- Born: 20 January 1822 Cotton Lodge, Woodside, Aberdeen
- Died: 8 February 1885 (aged 64) Portsoy, Aberdeenshire, Scotland
- Burial place: St Nicholas Cemetery, Aberdeen
- Occupations: Botanist; Entomologist; Teacher
- Notable work: "Flowers, Grasses and Shrubs with Anecdotes and Poetical Illustrations"(1860); "Familiar Teachings on Natural History: A Book for the Use of Schools and Families" (1864);
- Parents: William Pirie (father); Clementina Anderson (mother);

= Mary Pirie =

Scottish botanist and teacher

Mary Pirie (20 January 1822 – 8 February 1885) was a Scottish botanist and teacher. She had an interest in education and studied botany and entomology, calling entomology the study of "animated nature" which is the key focus of her second work. She believed one of the great benefits of natural sciences was the way that it is accessible to the masses, stating "The Science of Botany is the branch of Natural History most generally accessible to all; it is the science which furnishes us with the key to unlock the cabinet and unfold the wonders of the Floral Kingdom". This was cited as a key reason for her writing about botany in a digestible way through poetry and illustrations.

== Biography ==
Pirie was born in 1822 in Cotton Lodge, Woodside, Aberdeen, which is now Primrosehill Drive and gardens. Her parents were Clementina Anderson and William Pirie, who was a carpet manufacturer. She was one of ten children. In 1840, the family moved to Portsoy, where Pirie spent the next 45 years of her life and where she in 1885, aged 64.

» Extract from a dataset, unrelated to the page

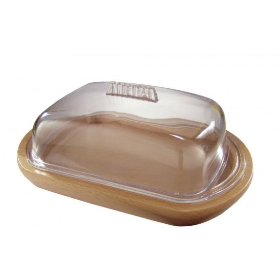 stylowa i minimalistyczna w swoim wyglądzie będzie pasowała do większości stylistyki zarówno w restauracjach, pubach, barach i domowych sferach. Osadzona na drewnianej, stabilnej podstawce wraz z plastikową, lekką pokrywką zachowa świeżość masła na dłużej i pięknie je wyeksponuje na stole.

Prior to her death, Pirie was passionate about educating others on her field of study. She also mentions her belief that "the regular operations of nature are a convincing proof that all things are made by divine hand". In later life, after publishing her books Pirie remained unmarried and lived with her servant Christina Ogilvie as of the 1881 England, Wales, and Scotland Census.

== Career ==
Pirie was a botanist who wanted to inspire that love in others, both her works are aimed at encouraging people from all walks of life to be interested in nature. This concern with science, and botany in particular, to be a public pursuit meant that she wrote a regular column about nature in The Banffshire Reporter where she wrote weekly notes on natural history and botany. Later in her career, her focus became that of educating others and encouraging others to pursue botany through her works.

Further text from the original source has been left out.